_Problem to solve_
Set down a true copy of the data, with all pictures left out.

╭─ Given material

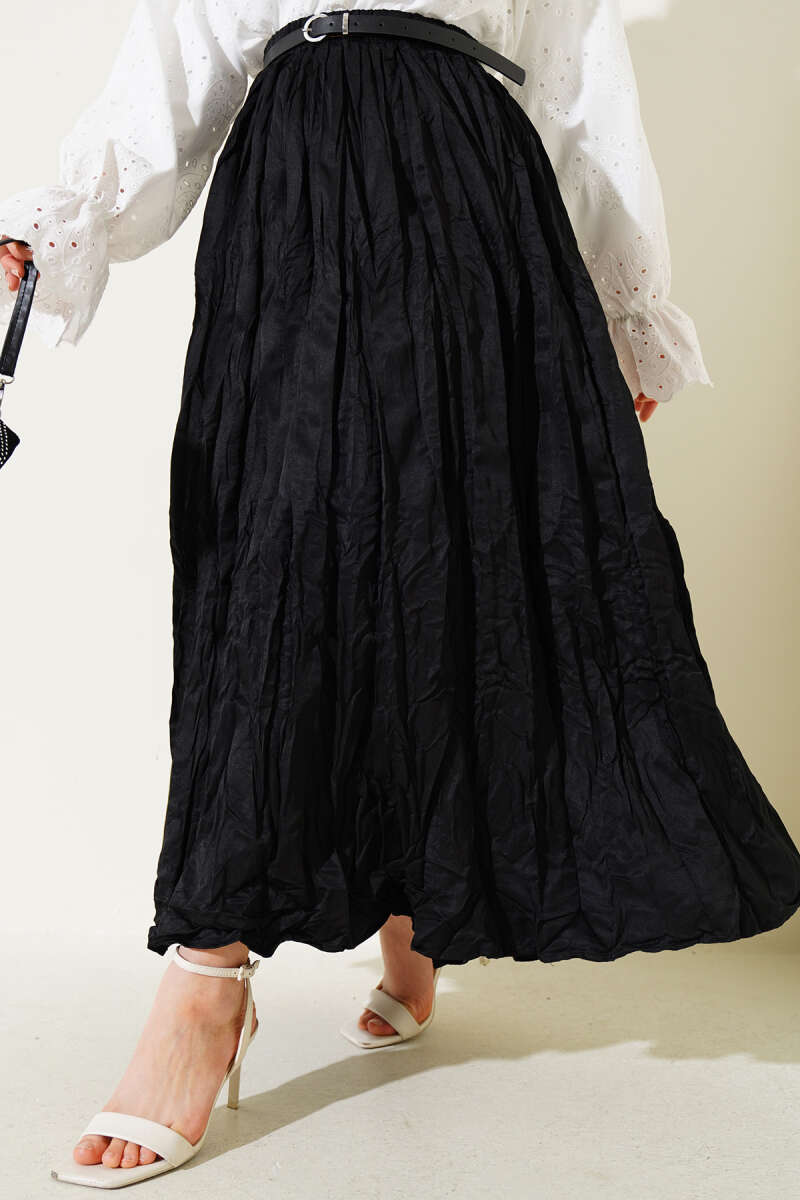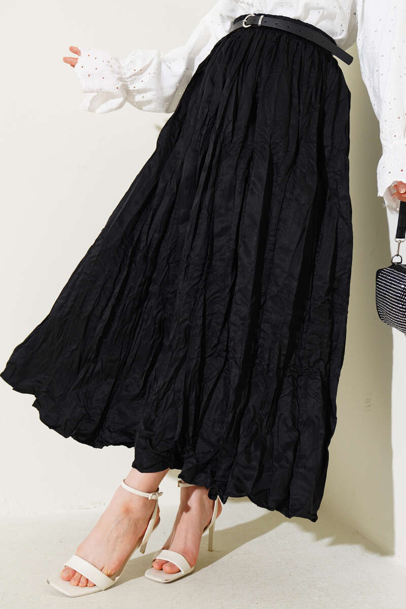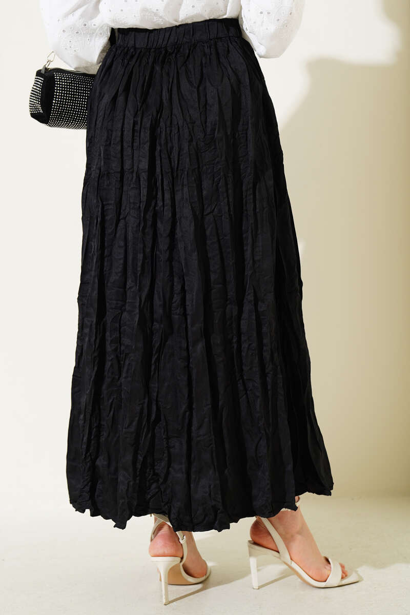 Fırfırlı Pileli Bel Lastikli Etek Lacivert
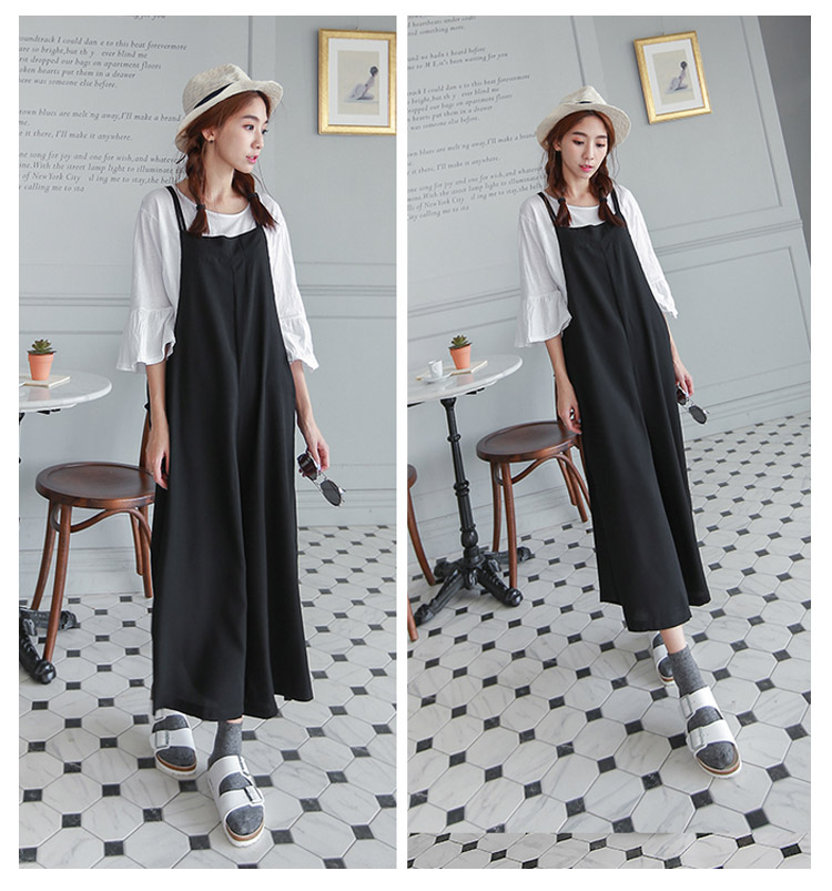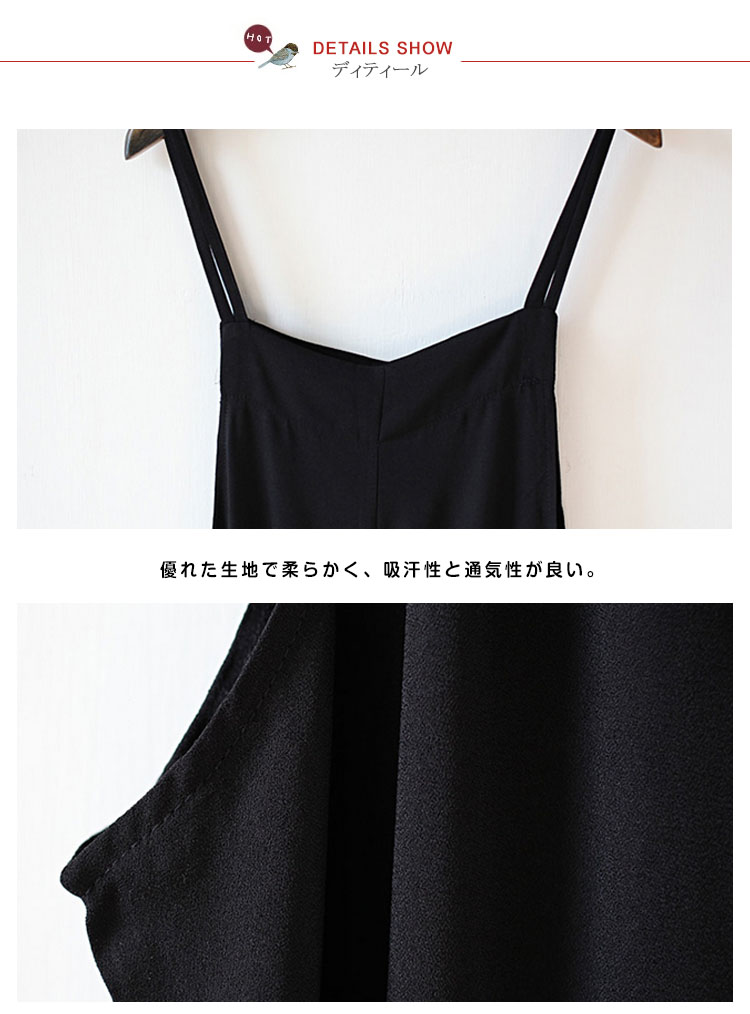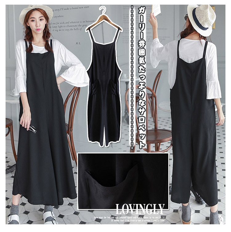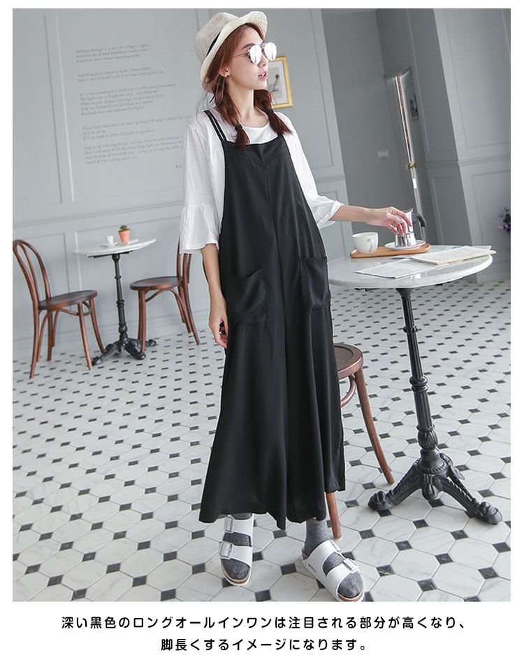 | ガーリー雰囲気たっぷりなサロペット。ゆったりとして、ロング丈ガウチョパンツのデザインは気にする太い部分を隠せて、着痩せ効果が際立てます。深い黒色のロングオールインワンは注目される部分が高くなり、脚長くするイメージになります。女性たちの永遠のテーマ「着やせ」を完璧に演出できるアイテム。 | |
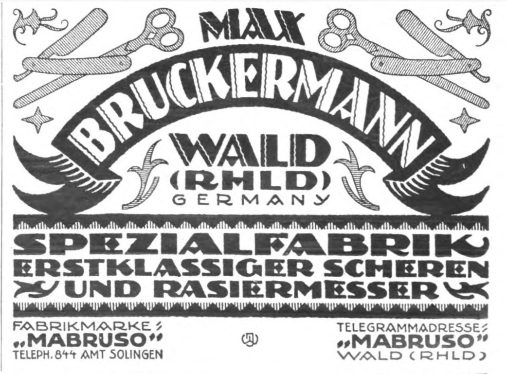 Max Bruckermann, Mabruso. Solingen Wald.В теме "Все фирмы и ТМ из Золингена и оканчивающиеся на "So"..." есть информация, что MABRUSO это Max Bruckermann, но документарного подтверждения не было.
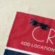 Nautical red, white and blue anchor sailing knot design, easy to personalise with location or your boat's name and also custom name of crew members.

╰─

_Task solution_
 Fırfırlı Pileli Bel Lastikli Etek Lacivert
 | ガーリー雰囲気たっぷりなサロペット。ゆったりとして、ロング丈ガウチョパンツのデザインは気にする太い部分を隠せて、着痩せ効果が際立てます。深い黒色のロングオールインワンは注目される部分が高くなり、脚長くするイメージになります。女性たちの永遠のテーマ「着やせ」を完璧に演出できるアイテム。 | |
 Max Bruckermann, Mabruso. Solingen Wald.В теме "Все фирмы и ТМ из Золингена и оканчивающиеся на "So"..." есть информация, что MABRUSO это Max Bruckermann, но документарного подтверждения не было.
 Nautical red, white and blue anchor sailing knot design, easy to personalise with location or your boat's name and also custom name of crew members.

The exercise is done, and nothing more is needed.